前列向って左から2人目が伊藤寛泰CT担当主任、3人目が筆者、右端が井上優介放射線部長/放射線診断科長。

はじめに

2020年4月に改正医療法施行規則が施行され、CT、血管造影、核医学における医療被ばくの線量記録・線量管理が義務化された。また、医療被ばく研究情報ネットワーク(Japan network for Research and Information on Medical Exposure: J-RIME)により診断参考レベル(diagnostic reference level: DRL)が2015年(DRLs 2015)、2020年(DRLs 2020)と公表され、各医療機関で上記以外のモダリティについてもDRLに基づく線量管理が行われるようになり、本原稿の執筆時現在(2025年2月)は2025年度版(DRLs 2025)の公表のための準備が関連学会・団体の協力により進められている。

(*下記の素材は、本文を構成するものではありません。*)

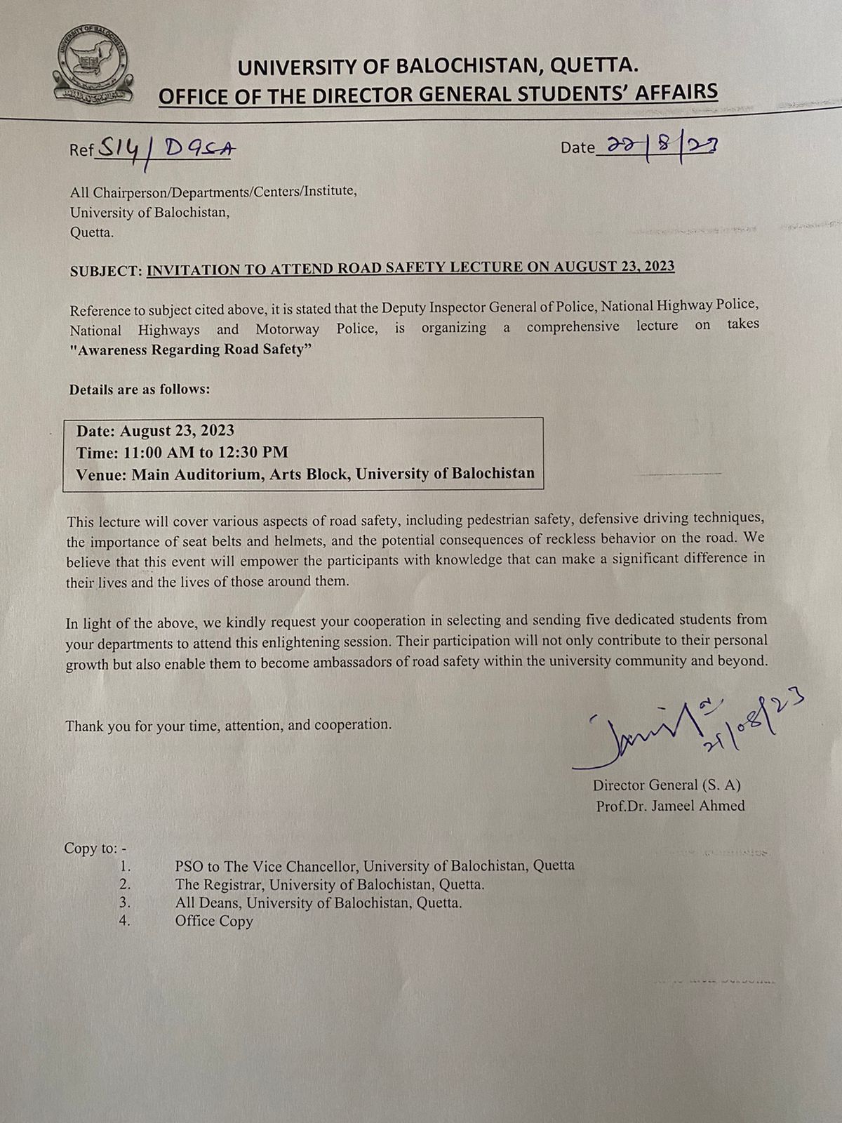 | Invitation to attend Road Safety Lecture on August 23, 2023 |

北里大学病院(以下、当院)では、線量管理・プロトコール管理は、モダリティ別の管理チームを中心に実施しており、医療放射線安全管理責任者である井上優介放射線部長/放射線診断科長を委員長とする医療放射線管理委員会の下部組織として、モダリティ別に4つの管理チーム(CT、血管造影、核医学、一般・造影)を組織している。その1つであるCT線量管理チームは、伊藤寛泰 CT担当主任を中心に診療放射線技師7名程度のメンバーからなり、毎月、定例会を開催して以下の内容について検討している。

  • CT検査におけるインシデント事例の調査
  • 全検査対象のプロトコール毎の線量評価(外れ値の検出および調査等)
  • プロトコール逸脱事例の調査
  • 累積高線量事例の検出と調査(前2ヶ月分の累積分)
  • 検査プロトコールリストの管理(新規作成、変更等)
  • その他

その他、年1回のDRLとの比較調査、年2回の各装置のCTDIvol測定などを行っている。その他のモダリティ別管理チームも同様の活動を行い、その検討結果をもとに、医療放射線安全管理責任者、技師長・副技師長等の診療放射線技師、看護師が加わったモダリティ別QA/QC委員会で協議し、全体会である医療放射線管理委員会で審議・情報共有を行い、放射線診療の安全性と質の向上に努めている。当院のCT線量管理の概要をオープンジャーナル(文献1)に紹介しているので、参考にされたい。

当院では2019年2月に線量管理システムRadimetricsを導入し、CT、核医学、血管造影の線量管理に役立てている。本稿では、特にCT線量管理における検査プロトコール管理について、Radimetricsの活用を踏まえて紹介したい。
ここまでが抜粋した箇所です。